Why CAF has high context switch and low instructions per cycle using perf stat?

actor-framework / actor-framework

An Open Source Implementation of the Actor Model in C++

http://actor-framework.org/

BSD 3-Clause "New" or "Revised" License

3.2k stars 544 forks source link

Why CAF has high context switch and low instructions per cycle using perf stat? #752

Closed xiaoming-qxm closed 6 years ago

xiaoming-qxm commented 6 years ago

I am using CAF to port a MPI program into an actor-based one. It's no surprise to find that the speed of actor-based program is faster than MPI's.

However when I use perf stat to profiling them, I found that actor-based program has higher context switch and lower instructions per cycle than original MPI's version which don't make sense.

Moreover I also profiled the caf dining_philosophers example and also find the same problem.

I am running on Ubuntu 18.04
CAF version: 0.15.7
Linux kernel version: 4.15

Below is the result:

Neverlord commented 6 years ago

CAF starts a thread pool on startup. Per default, it starts 2 * thread::hardware_concurrency() threads. "Overbooking" the cores pays out for most applications, since CPUs can switch to other actors while the current one waits for memory. Also, we use a work-stealing policy that periodically tries stealing tasks if a worker becomes idle. You could tweak the number of workers, stealing intervals, etc. to see if you are just measuring background noise here.

xiaoming-qxm commented 6 years ago

Which 2 * thread::hardware_concurrency() threads you are mentioned for? I just find the following code in the CAF source code and I think it just starts thread::hardware_concurrency() threads. Is these some thing I am missing? Are you also include the timer and logger background threads?

In abstract_coordinator.cpp:

num_workers_ = get_or(cfg, "scheduler.max-threads", sr::max_threads);

In defaults.cpp

const size_t max_threads = std::max(std::thread::hardware_concurrency(), 4u);

In coordinator.cpp

auto num = num_workers();
for (auto& w : workers_)
      w->start();

Neverlord commented 6 years ago

Hm, seems like I should double-check my facts more often.

Are you also include the timer and logger background threads?

No, just a mistake on my end. However, the middleman also starts two threads: one for the middleman actor and one for the multiplexer.

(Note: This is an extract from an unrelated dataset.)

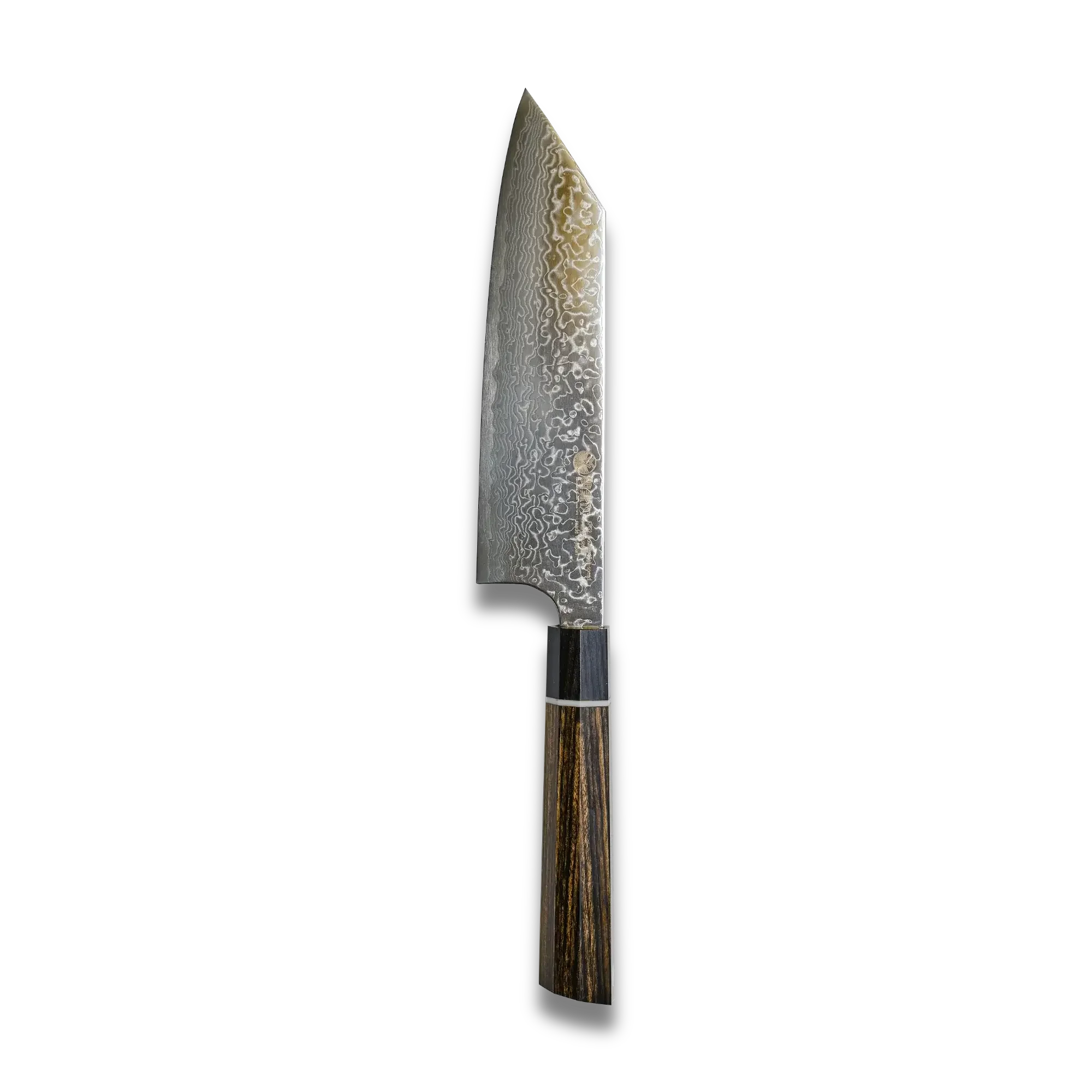 Experience culinary finesse with the Kiritsuke Santoku Knife's San Mai construction, featuring a precisely honed double-edged blade with a 50/50 grind. The core steel, R2/SG2, undergoes meticulous heat treatment, reaching an impressive hardness of 62-63 HRC for unparalleled edge retention. Adorned with a captivating Damascus finish, the hand-sharpened blade seamlessly blends beauty with functionality.
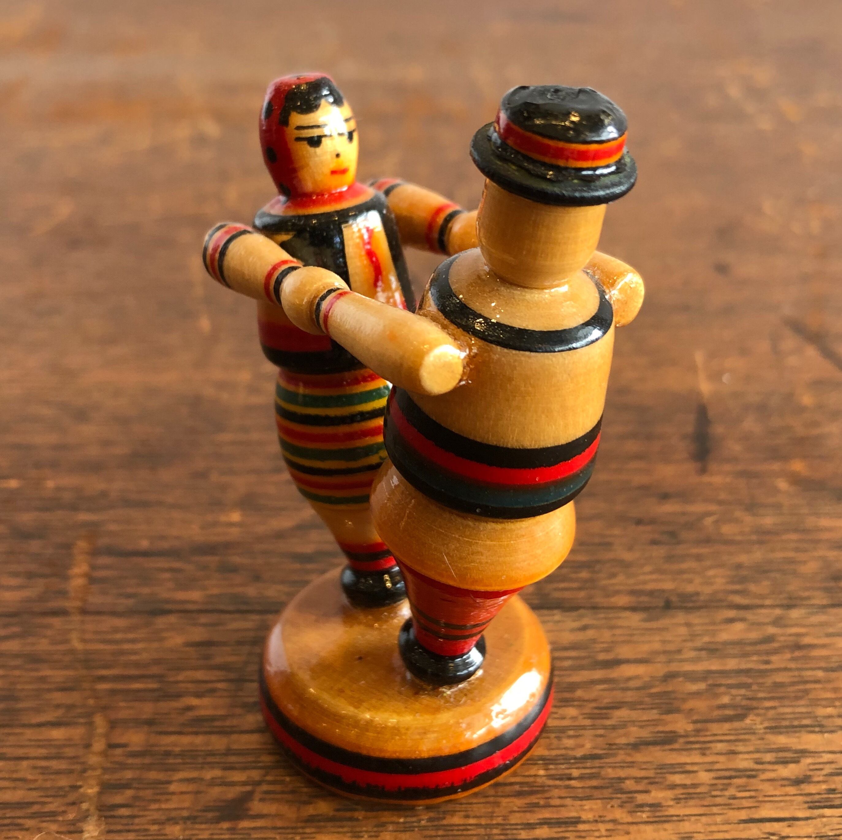 古いもののため、多少の擦れ感、男性の帽子部分に塗料ハゲなどございますが、目立たないように補修済みです。古いものとご理解の上、お買い求めください。

xiaoming-qxm commented 6 years ago

@Neverlord Why CAF mailbox is implemented by blocking_actor? When I debugged my program, I got the following output:

caf::intrusive::lifo_inbox<caf::blocking_actor::mailbox_policy>::...
caf::blocking_actor::receive_impl
... ...

Neverlord commented 6 years ago

I'm not sure what you mean. Both "versions" of actors (scheduled and blocking) use caf::intrusive::lifo_inbox. They merely instantiate the mailbox with different policies. For example, blocking actors don't have separate queues for streaming-related messages.